Lined by centuries-old, leafy plane trees, the drive up to the estate leads to a noble, 18th-century stone farmhouse surrounded by gurgling garden fountains fed by natural underground springs. Behind the house begin the manicured old Grenache vines.
About 250 acres of organic vineyards spread over the foothills of Mont Ventoux, known as the “Giant of Provence,” its landmark, wind-whipped, white limestone peak reaching to more than 6,200 feet.
How could they not make great wines here?

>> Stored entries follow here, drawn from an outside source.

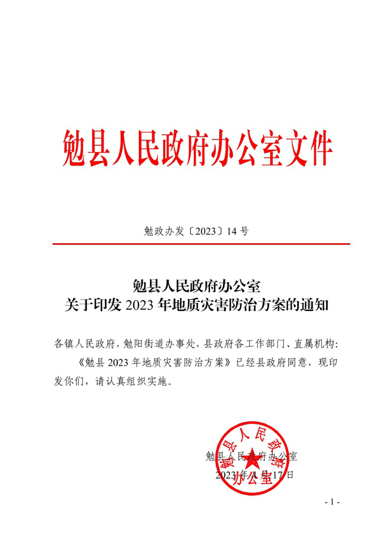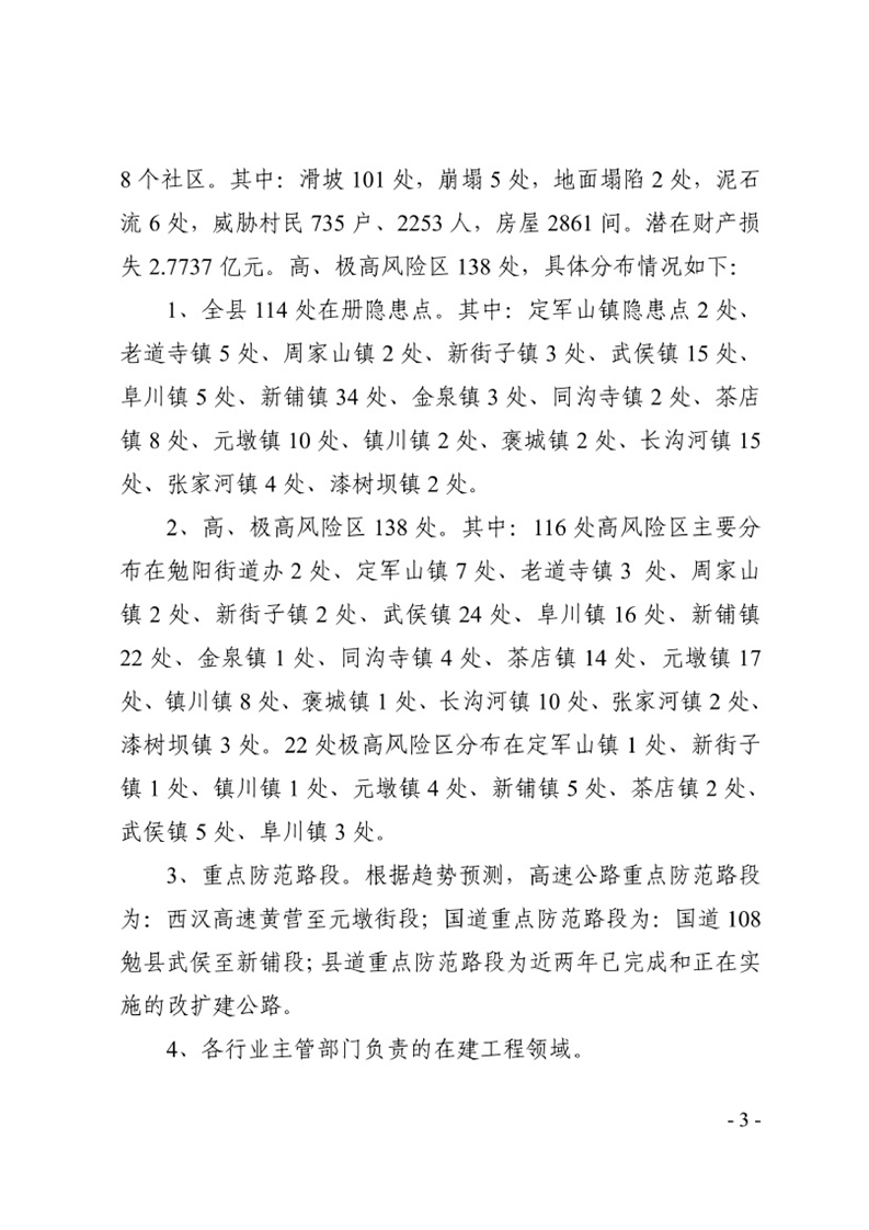 勉县人民政府办公室关于印发2023年地质灾害防治方案的通知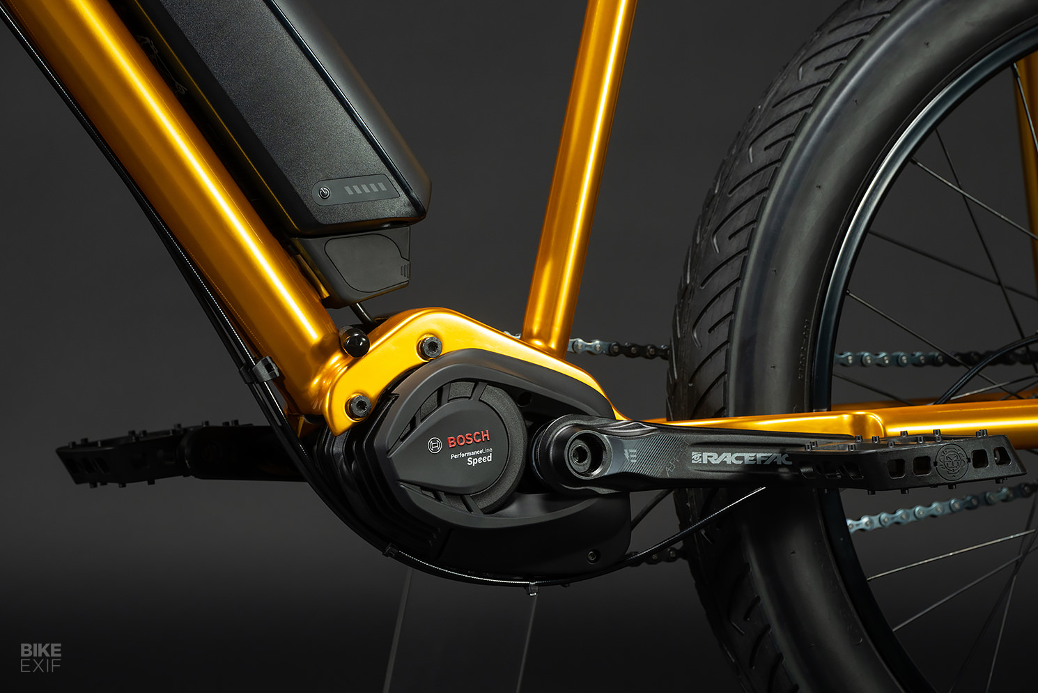 Размер и форма мотора таковы, что он отлично вписывается в дизайн кареточного узла, практически не влияя на общий вид байка.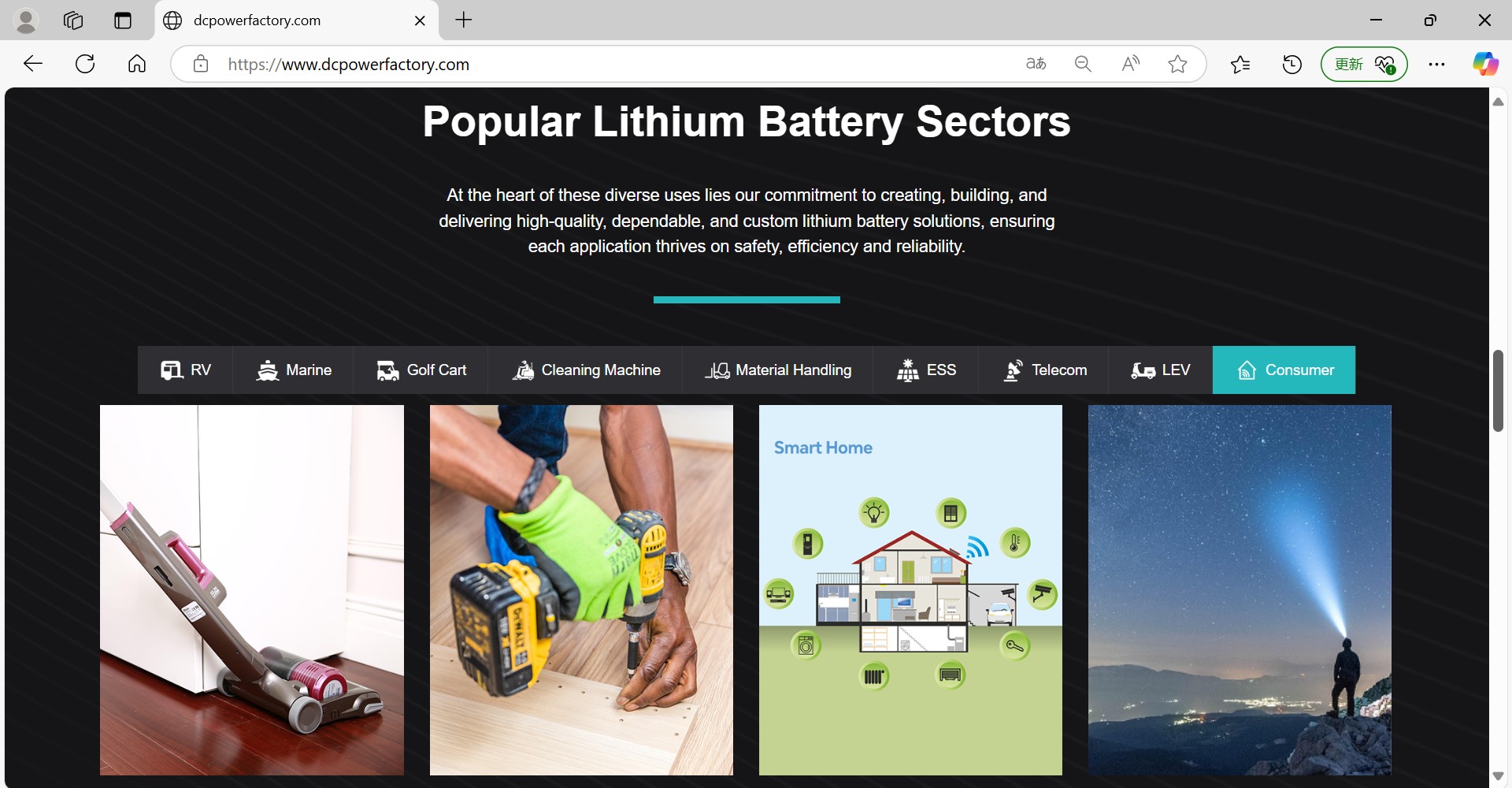 DC Power officially announced the completion of its website upgrade today. While continuing to strengthen the showcase of our lithium iron phosphate (LFP) battery solutions, we have simultaneously launched a dedicated consumer lithium-ion battery business segment, marking a pivotal step toward diversified energy solutions. This upgrade aims to meet the growing global demand for efficient and safe battery technologies in the consumer electronics market, covering a wide range of applications including vacuum cleaners, power/garden tools, smart home devices, and lighting fixtures.

Indeed, Pesquié has received more than a dozen 90-plus-point scores for its Syrah- and Grenache-based reds and Roussanne-Clairette whites. Fresh, exuberant and fruit-driven, these are some of the best examples of today’s Ventoux AOC bottlings.
Yet Ventoux wines remain generally obscure—the poorer cousins of the prestigious Southern Rhône family. “Ventoux was seen as a cheap value wine that you served a little chilled, and that didn’t have much ambition,” says Frédéric Chaudière, 38, who has run Pesquié since the mid-2000s with his enologist brother, Alexandre.
Nowadays, the sleepy appellation is waking up. Though more than a dozen local cooperatives still lead Ventoux wine production, the number of independent producers here has ballooned to more than 100, with several—Pesquié among them—leading the push for higher quality.
On the east side of the Rhône Valley, sprawling southward from around the tiny Gigondas and Vacqueyras appellations, Ventoux’s more than 14,000 acres of vineyards benefit from higher elevations, cleansing breezes, a blazing southern sun and cool summer evenings.
“Ventoux is the lowest part of the Alps, so we are in between a Mediterranean climate and an Alpine climate,” explains Chaudière. “I like to think of it as a link between the Southern Rhône and Northern Rhône.”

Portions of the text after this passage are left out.